Goal of the exercise: The required answer is the data below, restated word for word with images omitted.

Data provided:
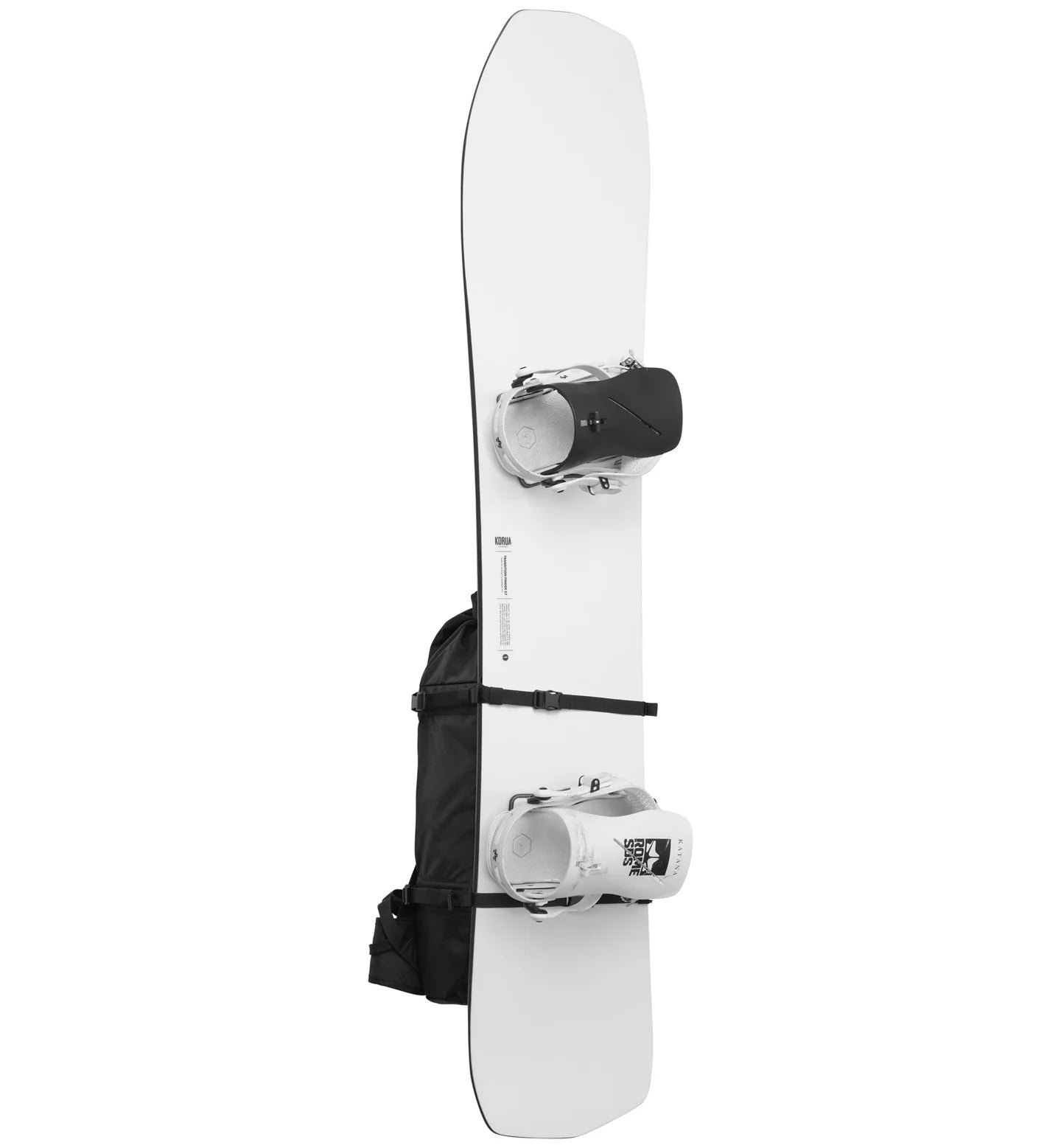 スキーやスプリットボードはA-フレームとバーティカル・スノーボード・キャリーで取り付け可能
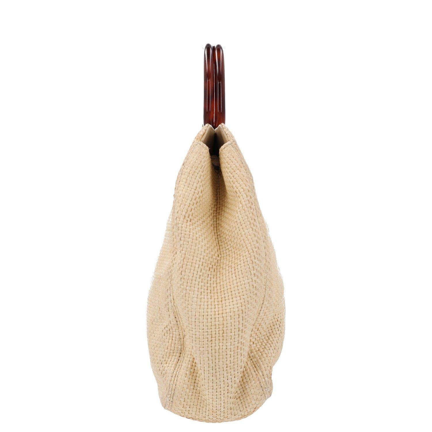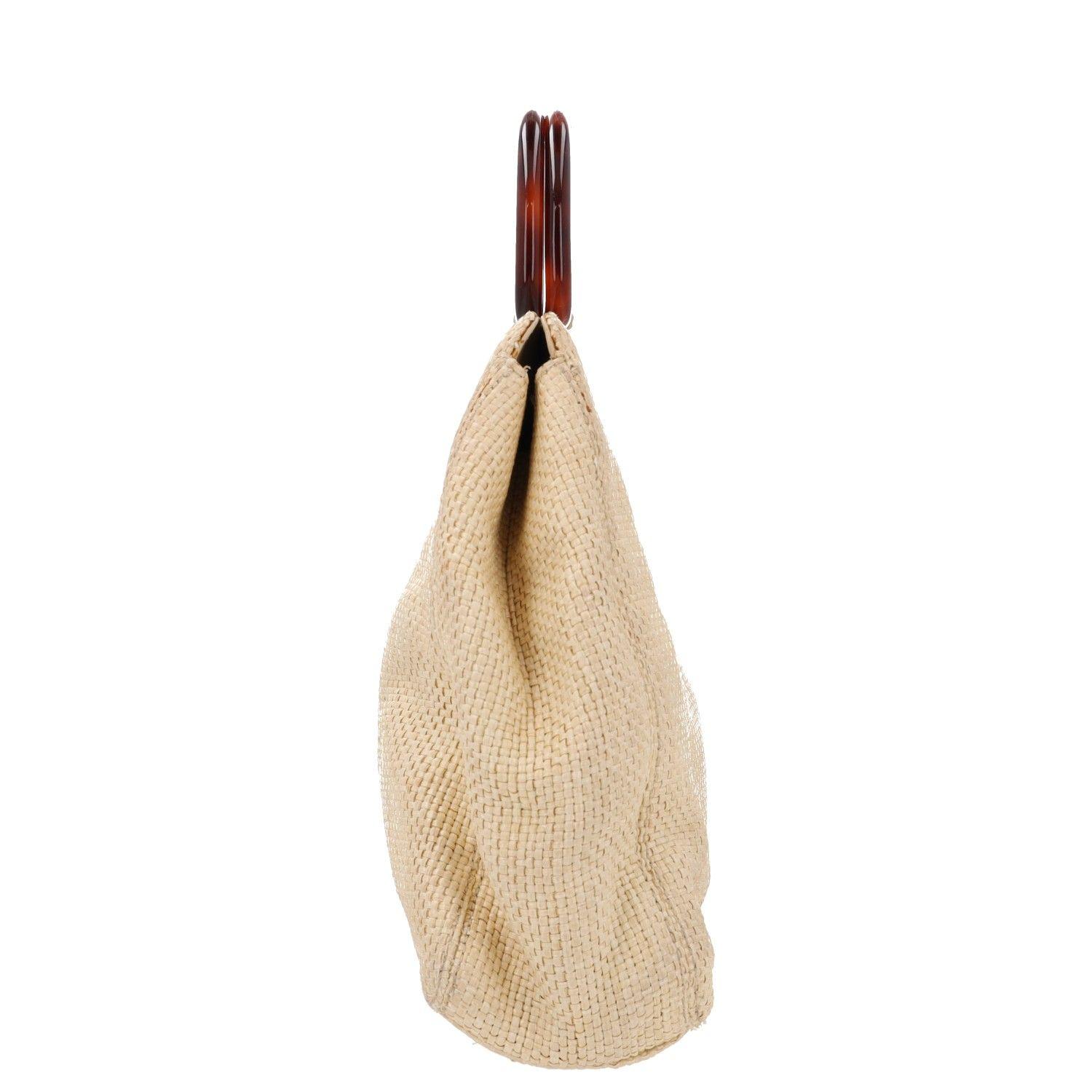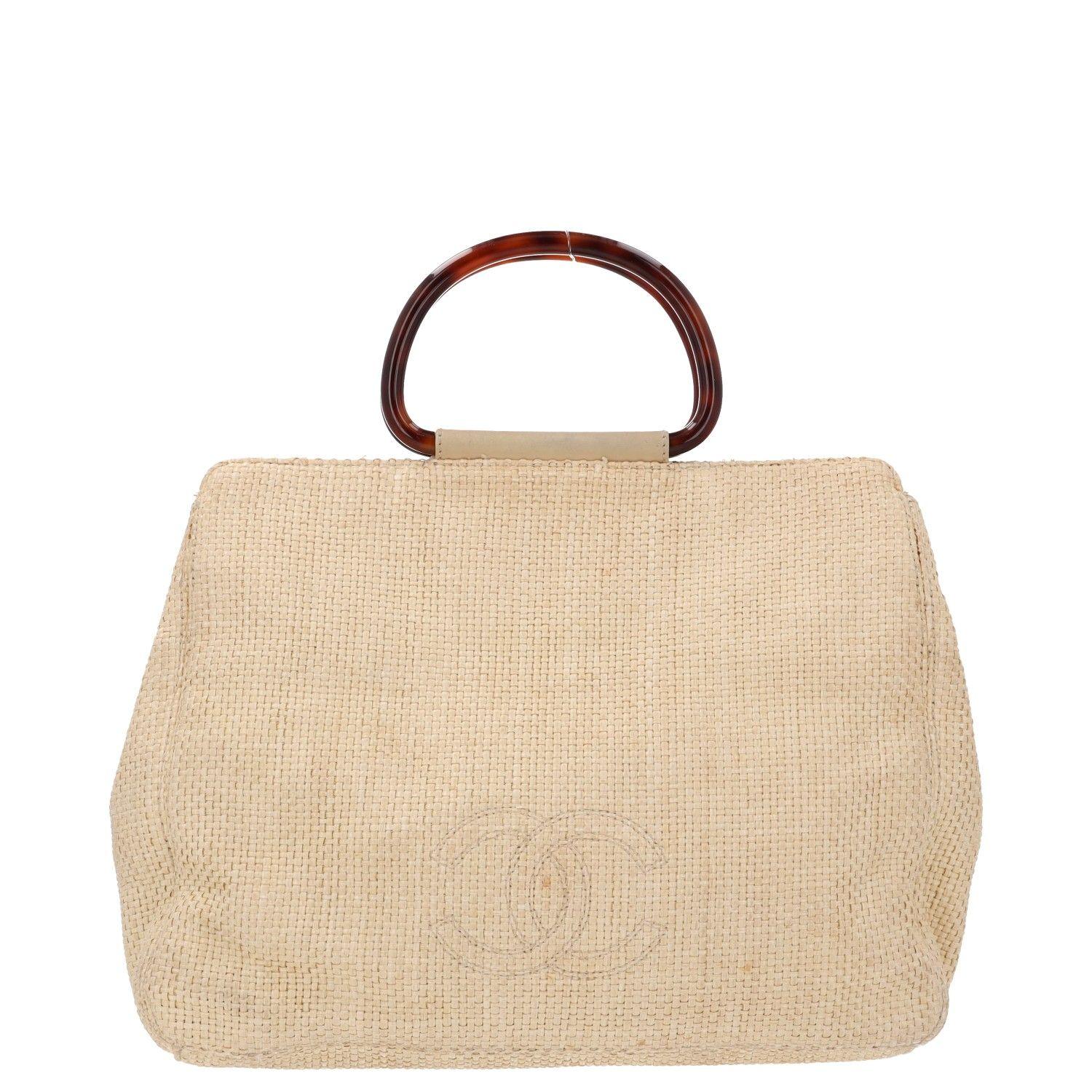The selected region shows a Chanel Raffia CC Top Handle Bag, a vintage piece typically from the early 2000s. This style features a woven straw or raffia exterior with the iconic interlocking CC logo stitched or embossed on the front.
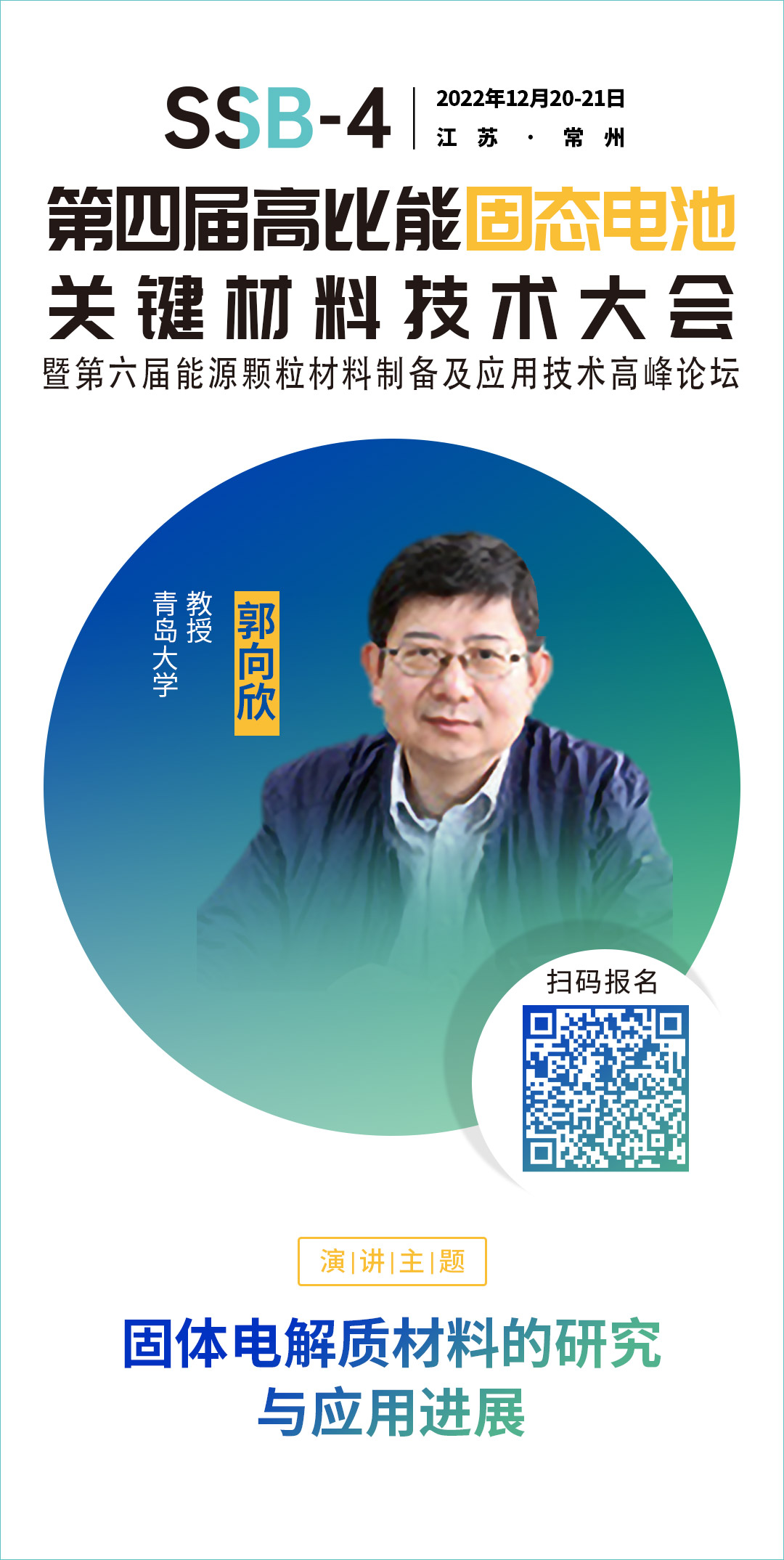 有鑒于此,中國(guó)粉體網(wǎng)將于12月20-21日在常州舉辦第四屆高比能固態(tài)電池關(guān)鍵材料技術(shù)大會(huì),為致力于固態(tài)電池技術(shù)開發(fā)的企業(yè),科研院校,以及電動(dòng)車、儲(chǔ)能、特種應(yīng)用等終端企業(yè)提供信息交流的平臺(tái),開展產(chǎn)、學(xué)、研合作,共同推動(dòng)行業(yè)發(fā)展。屆時(shí),青島大學(xué)郭向欣教授將作題為《固體電解質(zhì)材料的研究與應(yīng)用進(jìn)展》的報(bào)告。

Exercise result:
 スキーやスプリットボードはA-フレームとバーティカル・スノーボード・キャリーで取り付け可能
The selected region shows a Chanel Raffia CC Top Handle Bag, a vintage piece typically from the early 2000s. This style features a woven straw or raffia exterior with the iconic interlocking CC logo stitched or embossed on the front.
 有鑒于此,中國(guó)粉體網(wǎng)將于12月20-21日在常州舉辦第四屆高比能固態(tài)電池關(guān)鍵材料技術(shù)大會(huì),為致力于固態(tài)電池技術(shù)開發(fā)的企業(yè),科研院校,以及電動(dòng)車、儲(chǔ)能、特種應(yīng)用等終端企業(yè)提供信息交流的平臺(tái),開展產(chǎn)、學(xué)、研合作,共同推動(dòng)行業(yè)發(fā)展。屆時(shí),青島大學(xué)郭向欣教授將作題為《固體電解質(zhì)材料的研究與應(yīng)用進(jìn)展》的報(bào)告。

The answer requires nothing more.